Controversial Quantum Machine Bought

Posted by in categories: computing, information science, materials, quantum physics, robotics/AI

Governments and leading computing companies such as Microsoft, IBM, and Google are trying to develop what are called quantum computers because using the weirdness of quantum mechanics to represent data should unlock immense data-crunching powers. Computing giants believe quantum computers could make their artificial-intelligence software much more powerful and unlock scientific leaps in areas like materials science. NASA hopes quantum computers could help schedule rocket launches and simulate future missions and spacecraft. “It is a truly disruptive technology that could change how we do everything,” said Deepak Biswas, director of exploration technology at NASA’s Ames Research Center in Mountain View, California.

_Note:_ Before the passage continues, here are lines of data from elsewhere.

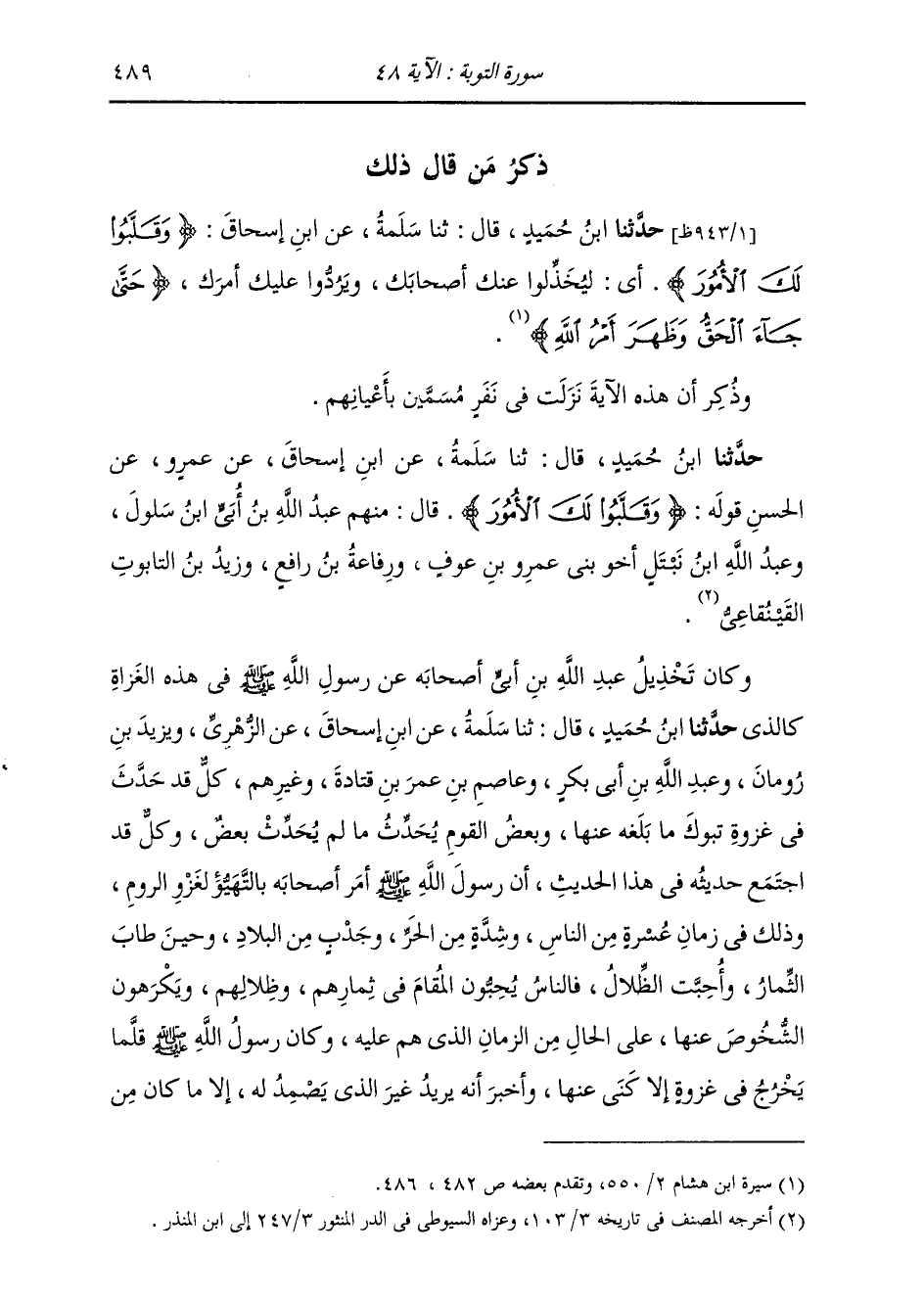 ذِكْرُ مَنْ قَالَ ذَلِكَ: حَدَّثَنَا ابْنُ حُمَيْدٍ، قَالَ: ثنا سَلَمَةُ، عَنِ ابْنِ إِسْحَاقَ: " {§وَقَلَّبُوا لَكَ الْأُمُورَ} [التوبة: 48] أَيْ لِيُخَذِّلُوا عَنْكَ أَصْحَابَكَ، وَيَرُدُّوا عَلَيْكَ أَمْرَكَ. {حَتَّى جَاءَ الْحَقُّ وَظَهَرَ أَمْرُ اللَّهِ} [التوبة: 48] " وَذُكِرَ أَنَّ هَذِهِ الْآيَةَ نَزَلَتْ فِي نَفَرٍ مُسَمَّيْنَ بِأَعْيَانِهِمْ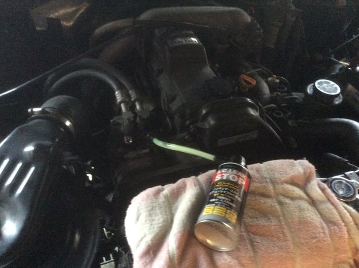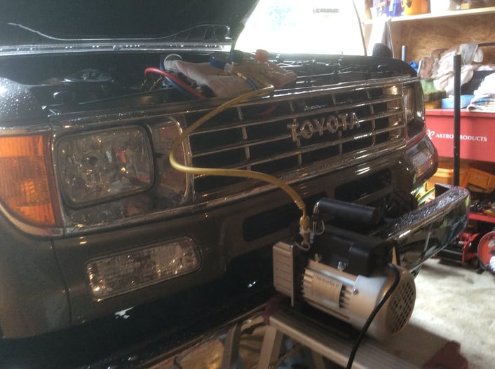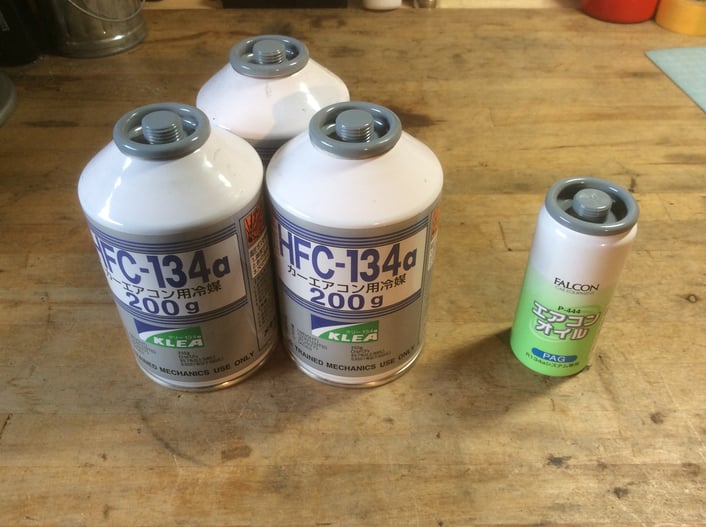 真空引きガスチャージを実施、ほどなくしてエアコンガスとコンプレッサオイルを入れていきます。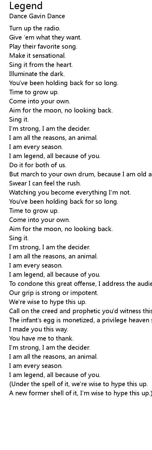 I am legend, all because of you. |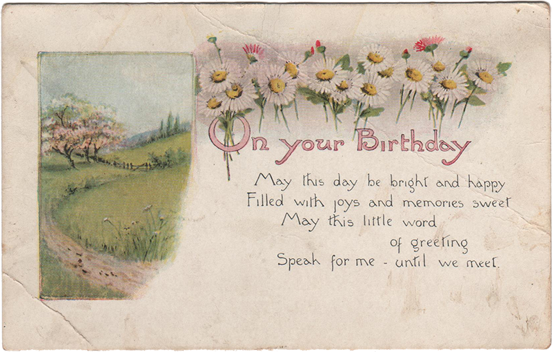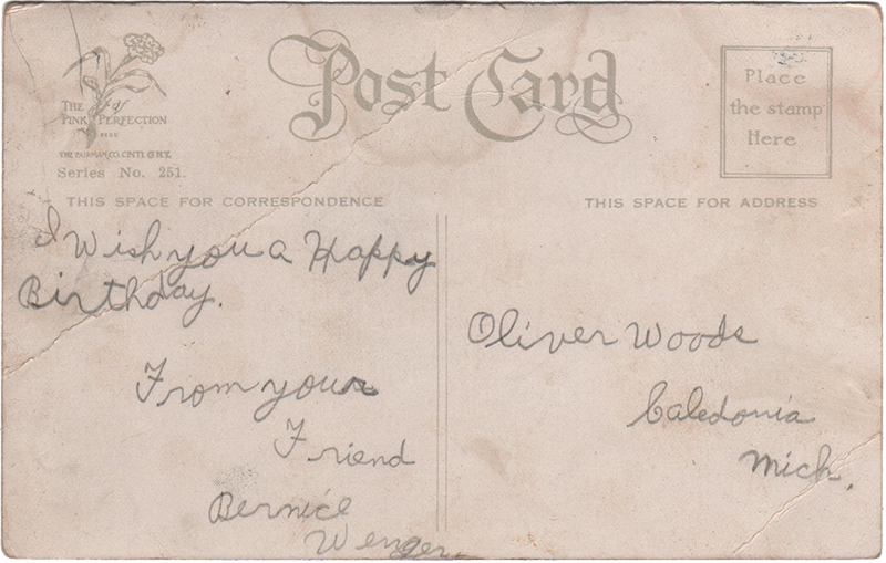On your Birthday May this day be bright and happy Filled with joys and memories sweet May this little word of greeting Speak for me — until we meet.[no postmark] Oliver Woods Caledonia Mich. “I wish you a Happy Birthday. From your Friend Bernice Wenger”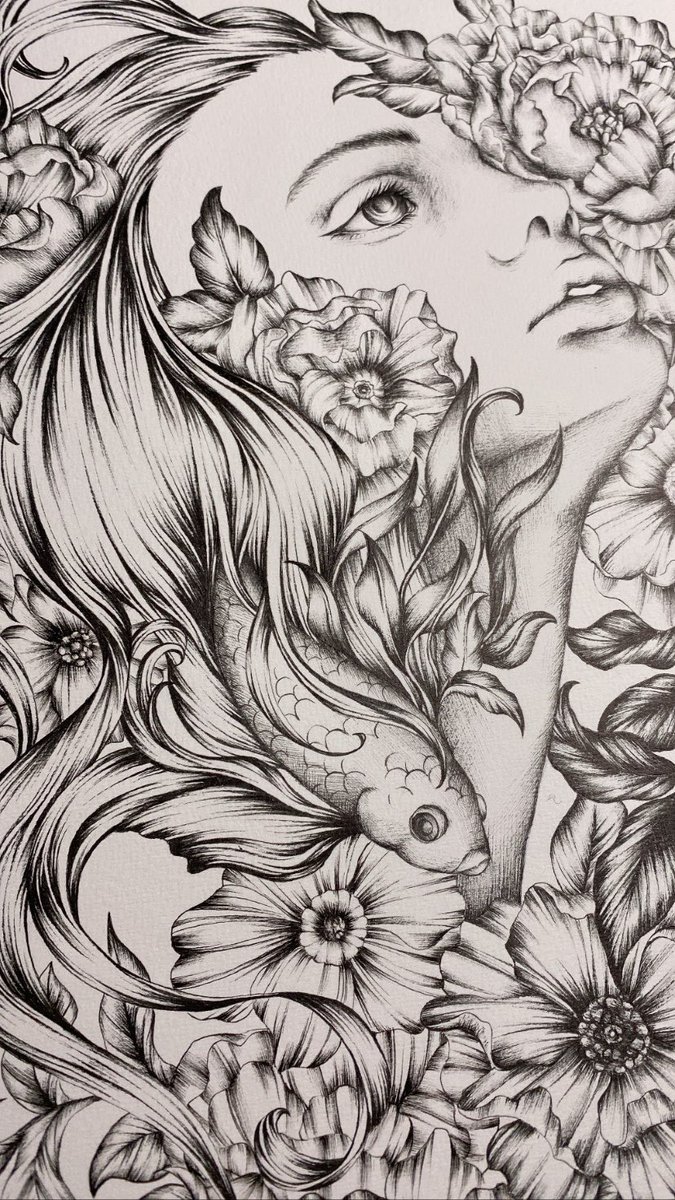 線画完成! 色付けるか迷う… #イラスト #絵 #線 #線画 #アナログ絵 #アナログイラスト #ペン画 #illust #illustartion #art
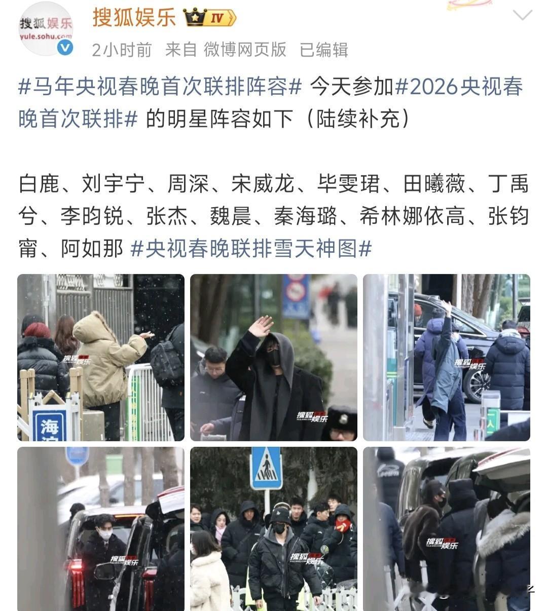 有点担心,春晚首次联排,目前还没看到沈腾和马丽的身影! 1月17日,央视马年春晚开始进行了第一次大联排,很多媒体很早就到大楼前等待,天空飘着雪,拍到很多现场照片,别有一番风景。 截止发文,看到了白鹿、田曦薇、魏晨、刘宇宁、宋威龙、李昀锐、丁禹兮、张杰、周深、秦海璐等艺人的身影。 有点担心,画面中,没有看到沈腾和马丽的身影,不过,昨日,参加了彩排,当然,联排还在进行,或许安排在比较晚的时间。 咱就说,岳云鹏已经确认缺席春晚,语言类节目,也就只能期待沈腾马丽了,可别出什么差错呀! 今年,除了周深,张杰这样的实力歌手,还看到了一些新面孔。 大家一起期待吧!

Biswas spoke at a media briefing at the research center about the agency’s work with Google on a machine they bought in 2013 from Canadian startup D-Wave systems, which is marketed as “the world’s first commercial quantum computer.” The computer is installed at NASA’s Ames Research Center in Mountain View, California, and operates on data using a superconducting chip called a quantum annealer. A quantum annealer is hard-coded with an algorithm suited to what are called “optimization problems,” which are common in machine-learning and artificial-intelligence software.

However, D-Wave’s chips are controversial among quantum physicists. Researchers inside and outside the company have been unable to conclusively prove that the devices can tap into quantum physics to beat out conventional computers.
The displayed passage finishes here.